A new drawing of Walking Man with some contextual review. And a traditional tune called The Gobby-O, played by the skin of my teeth on the tenor banjo, with spoons and guitar.
A new drawing of Walking Man with some contextual review. And a traditional tune called The Gobby-O, played by the skin of my teeth on the tenor banjo, with spoons and guitar.
The first documentation of Walking Man from 1998
Country and City Walking Men, 2005
Another early drawing of Walking Man from 1999
Walking Man looking out of a window 2001
The following is an early description of Walking Man as it appears in the play The Two Deaths of John Beartrist Laceroot:
Walking Man does quite a good bit of doing things, but often
is found plainly walking; in circles or in unjoined lines.
Also with regularity, in simple curves as well as complex
compounded curves accompanied with series of strait lines.
Less frequently, but often enough to be mentioned, he walks
in lines forming letters that sometimes are random and do
not spell out any sort of thing, but at other times they
make up words or sentences.
Walking Man is found often to have walked from one geographic-
al location to another geographical location extremely far removed from the
first, kicking the leaves underneath the trees.

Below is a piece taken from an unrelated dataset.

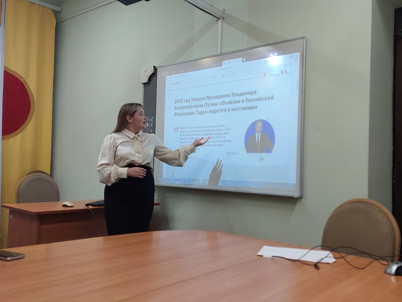 На внеурочном занятии говорили о понимании социальной значимости профессии учителя и уважения к ней, чувстве благодарности своим учителям и наставникам, стремлении к достижению высоких результатов в своей будущей профессии и специальности, потребности в передаче опыта следующим поколениям.
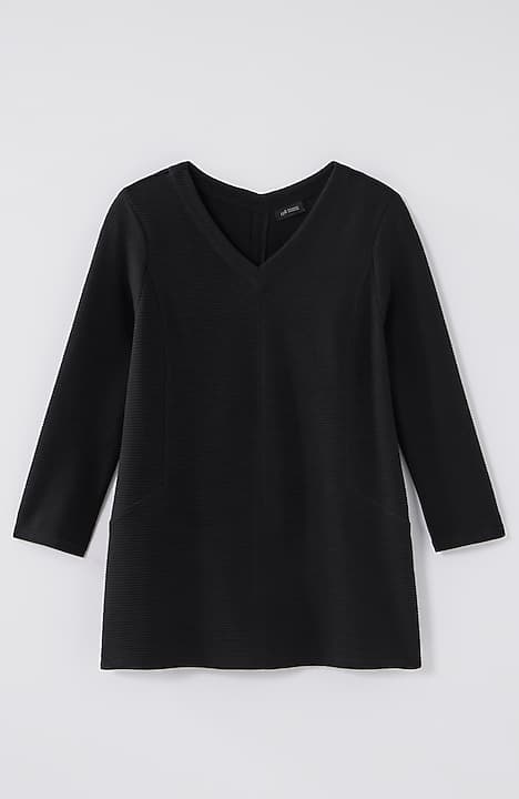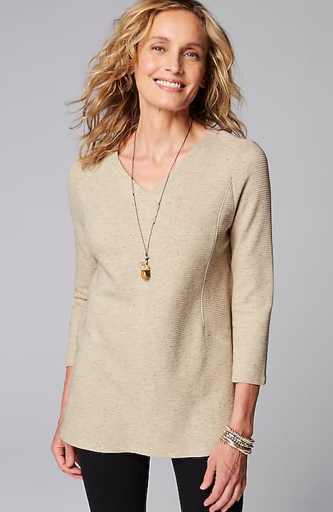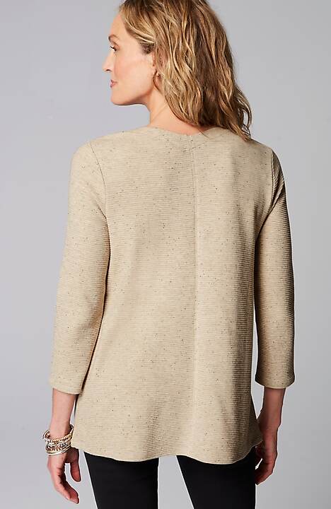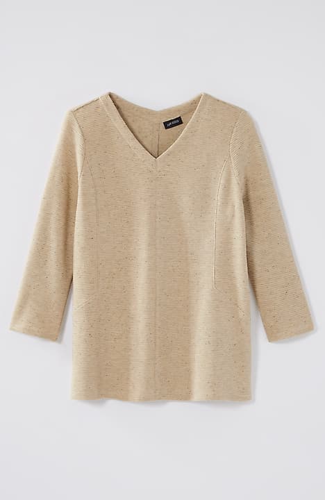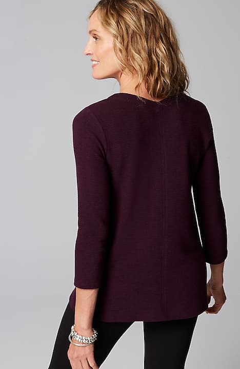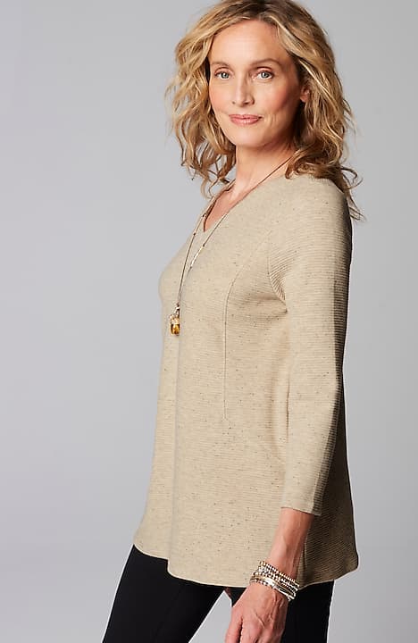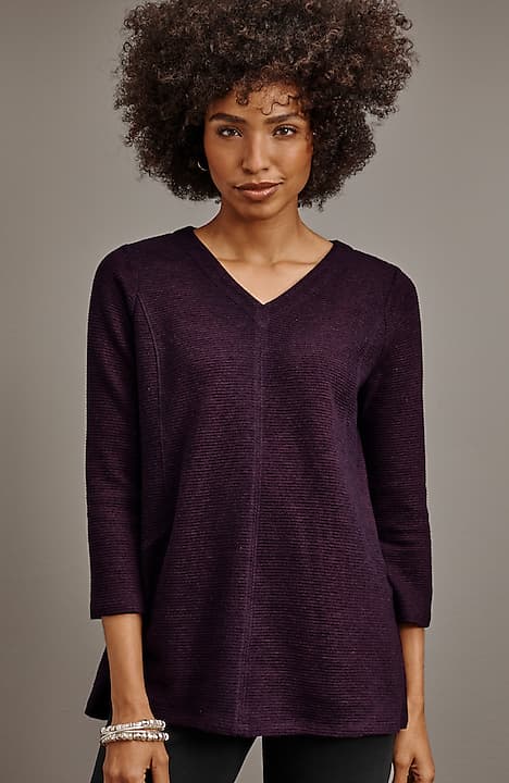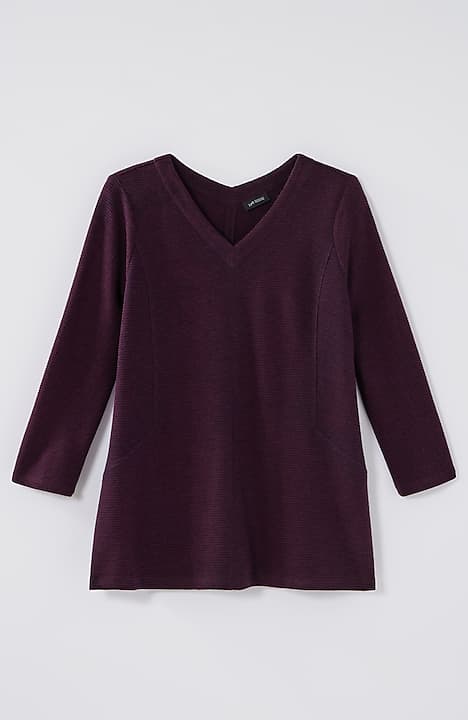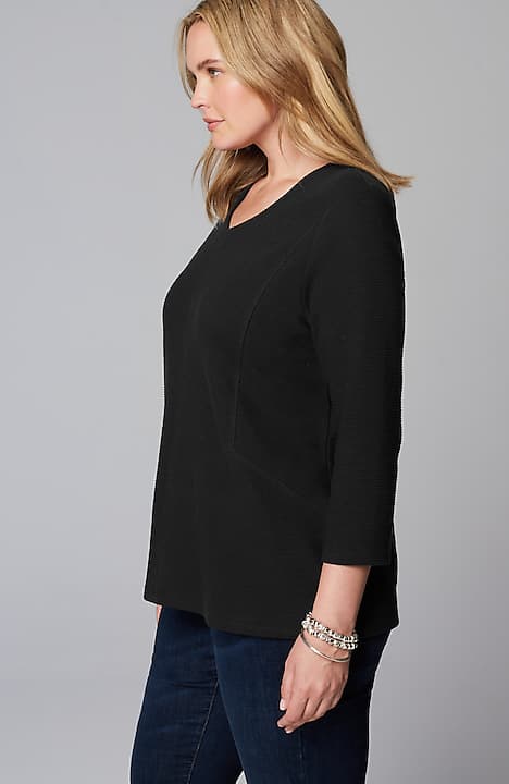The ottoman-knit top your wardrobe calls for is rich in texture and so versatile. We’ve added an elegant double-V neckline as well as slimming princess and center seams in the front and back. Available in solid or heather.

For the ‑ uhmm… individual, the imagination is much more endued
with the powerful swaying grip of reality than that of the
actual objective reality. That is to say that, umm…ahh, to some people,
the life experienced within the imagination is just as real, if not more real,
than the life experienced outside the imagination…
if…the…ahh…two can be separated at all. In this consideration,
Walking Man is John Beartrist Laceroot.